## INPUT FOR THIS TASK
= = =

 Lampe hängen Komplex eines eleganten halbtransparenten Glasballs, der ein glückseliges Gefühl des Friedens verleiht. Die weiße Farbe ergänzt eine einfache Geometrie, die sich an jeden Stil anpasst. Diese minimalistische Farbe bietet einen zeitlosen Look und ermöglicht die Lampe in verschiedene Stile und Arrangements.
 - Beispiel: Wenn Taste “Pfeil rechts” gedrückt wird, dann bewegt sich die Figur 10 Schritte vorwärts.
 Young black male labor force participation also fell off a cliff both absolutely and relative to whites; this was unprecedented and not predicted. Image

= = =

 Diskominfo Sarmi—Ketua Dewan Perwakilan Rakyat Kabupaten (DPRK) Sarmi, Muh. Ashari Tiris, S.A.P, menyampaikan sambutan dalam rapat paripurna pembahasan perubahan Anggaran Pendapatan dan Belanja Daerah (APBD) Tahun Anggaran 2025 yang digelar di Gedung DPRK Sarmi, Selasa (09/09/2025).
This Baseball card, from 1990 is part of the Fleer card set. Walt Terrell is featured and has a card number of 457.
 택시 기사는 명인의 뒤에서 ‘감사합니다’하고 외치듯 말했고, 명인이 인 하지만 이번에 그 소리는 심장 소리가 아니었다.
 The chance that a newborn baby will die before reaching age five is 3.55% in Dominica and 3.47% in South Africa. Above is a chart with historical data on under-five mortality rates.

= = =

Each line of the listing that contains the word "sich" must be copied.

 Lampe hängen Komplex eines eleganten halbtransparenten Glasballs, der ein glückseliges Gefühl des Friedens verleiht. Die weiße Farbe ergänzt eine einfache Geometrie, die sich an jeden Stil anpasst. Diese minimalistische Farbe bietet einen zeitlosen Look und ermöglicht die Lampe in verschiedene Stile und Arrangements.
 - Beispiel: Wenn Taste “Pfeil rechts” gedrückt wird, dann bewegt sich die Figur 10 Schritte vorwärts.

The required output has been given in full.